Fine-tuning experiment for generating news headlines from short article descriptions using facebook/bart-base and LoRA adapters.
This was built as a DAT410 Design of AI Systems course project at Chalmers University in Spring 2025 with Elvina Fahlgren. The project received 100/100, and the original course report is available at docs/report.pdf.
The project explores whether parameter-efficient fine-tuning can adapt a pretrained sequence-to-sequence model to headline generation under limited compute.
Key technical pieces:
- Fine-tuning
facebook/bart-basefor description-to-headline generation - Parameter-efficient training with LoRA instead of updating all model weights
- Hugging Face
transformers,datasets,evaluate, andpeft - Exploratory analysis of the HuffPost News Category Dataset
- Training and evaluation in Google Colab on an A100 GPU
- Scriptable training, evaluation, and inference entry points for reproducibility
| Area | Details |
|---|---|
| Task | Generate a headline from a short news description |
| Dataset | HuffPost News Category Dataset, about 209k articles |
| Base model | facebook/bart-base |
| Adaptation method | LoRA on BART attention projection layers |
| Trainable parameters | 442,368 of 139,862,784, about 0.32% |
| Training environment | Google Colab Pro, A100 GPU, fp16 |
| Batch size | 16 |
| Saved notebook output | Evaluation after epoch 5 |
The committed notebook reports:
eval_loss: 4.6797
eval_bleu: 0.5041
epoch: 5.0
Important: the notebook's compute_metrics function multiplies Hugging Face's raw BLEU value by 100 before returning it.
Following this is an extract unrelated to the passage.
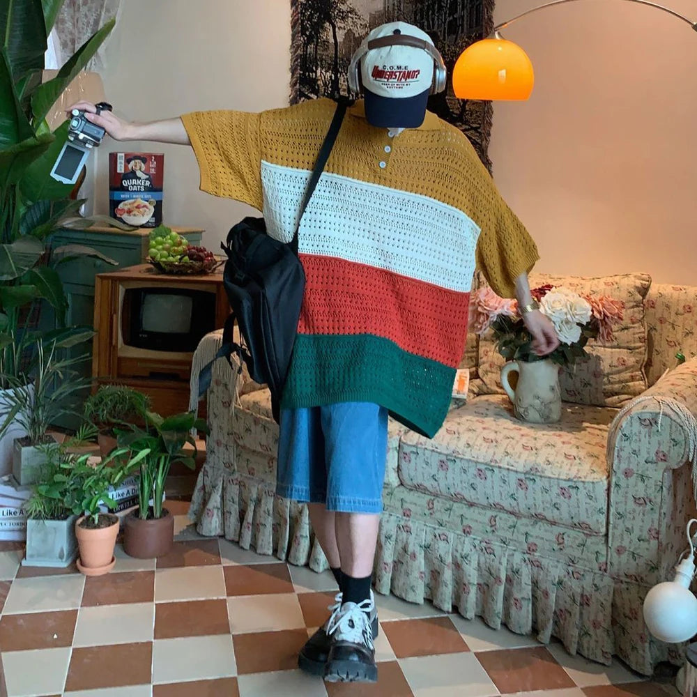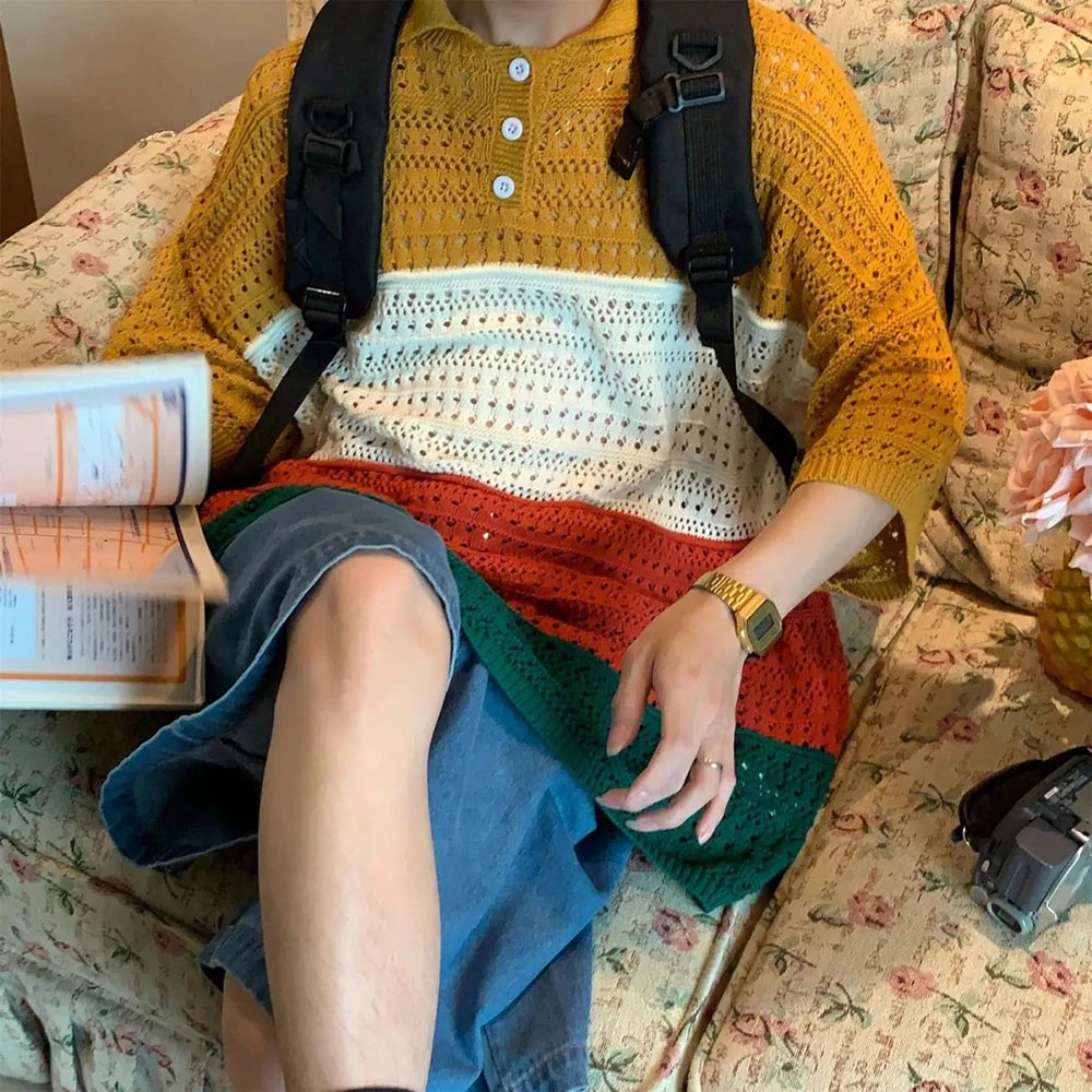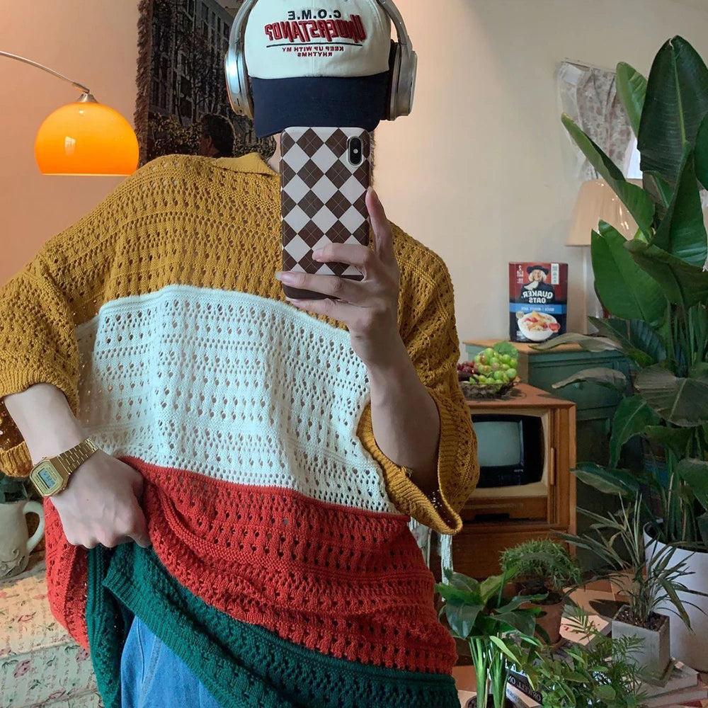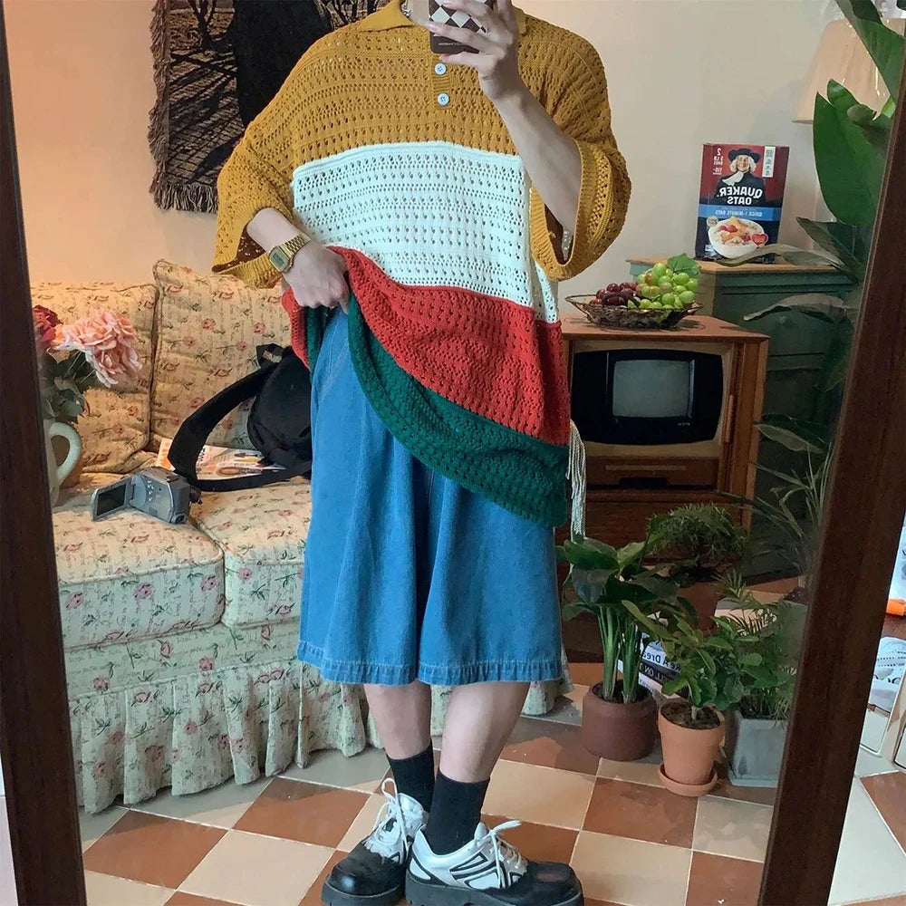 Y2k Streetwear Men's Contrasting Knitwear Casual Short Sleeve Tops Fashion Hollow T-shirt Trendy All-match Pullover POLO Shirts

That means the reported eval_bleu: 0.5041 corresponds to raw corpus BLEU of about 0.005.
This should not be read as 0.50 raw BLEU or 50% BLEU. The result is best understood as a working fine-tuning pipeline built under course constraints, not as a model optimized for production headline quality.
For headline generation, BLEU is also a limited metric: many valid headlines can share little exact n-gram overlap with the reference. A stronger follow-up would add ROUGE, BERTScore, qualitative examples, and a reproducible evaluation script.
.
|-- configs/
| `-- default.json
|-- docs/
| `-- report.pdf
|-- notebooks/
| |-- 01_final_model.ipynb
| `-- 02_load_and_explore.ipynb
|-- src/
| |-- data.py
| |-- evaluate.py
| |-- infer.py
| |-- metrics.py
| |-- modeling.py
| `-- train.py
|-- .gitignore
|-- requirements.txt
`-- README.md
Run these in order:
notebooks/02_load_and_explore.ipynbexplores the dataset, category distribution, word counts, and missing values.notebooks/01_final_model.ipynbloads BART, applies LoRA, preprocesses the dataset, trains, evaluates, and prints sample predictions.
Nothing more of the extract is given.